The EBG will also address principles for cross-border cooperation among bank supervisors. "In a study now underway, we're looking more specifically into the practical difficulties of applying the existing Basel cross-border framework in the Internet environment, how home countries should go about supervising Internet banks, how host countries can be affected, how differing supervisory standards for Internet banks can be reconciled, and how home- and host-country supervision of these 'virtual banks' might work," Mr. Hawke said.
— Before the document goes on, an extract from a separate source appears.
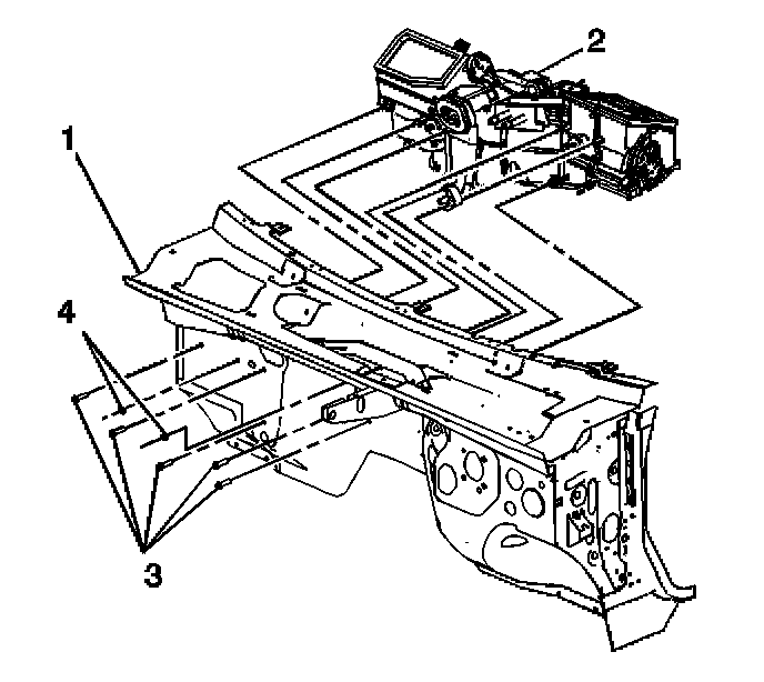 4. Install the bolts(4) to the HVAC module (2).

Internet banking raises particular challenges for host countries which the EBG is addressing. "While Internet banking certainly poses difficulties for the host country, the EBG is developing a progressive framework for host country supervisors to use if, for example, they become concerned about the legality or prudential nature of a foreign bank's Internet banking activities."
Mr. Hawke addressed the need for action now. "Because most e-finance activities are still in their infancy, the risks those activities present are not great at this time," Mr. Hawke said. "What is urgent, however, is that we come to terms with the supervisory issues they present and build on the existing framework of international cooperation to address them."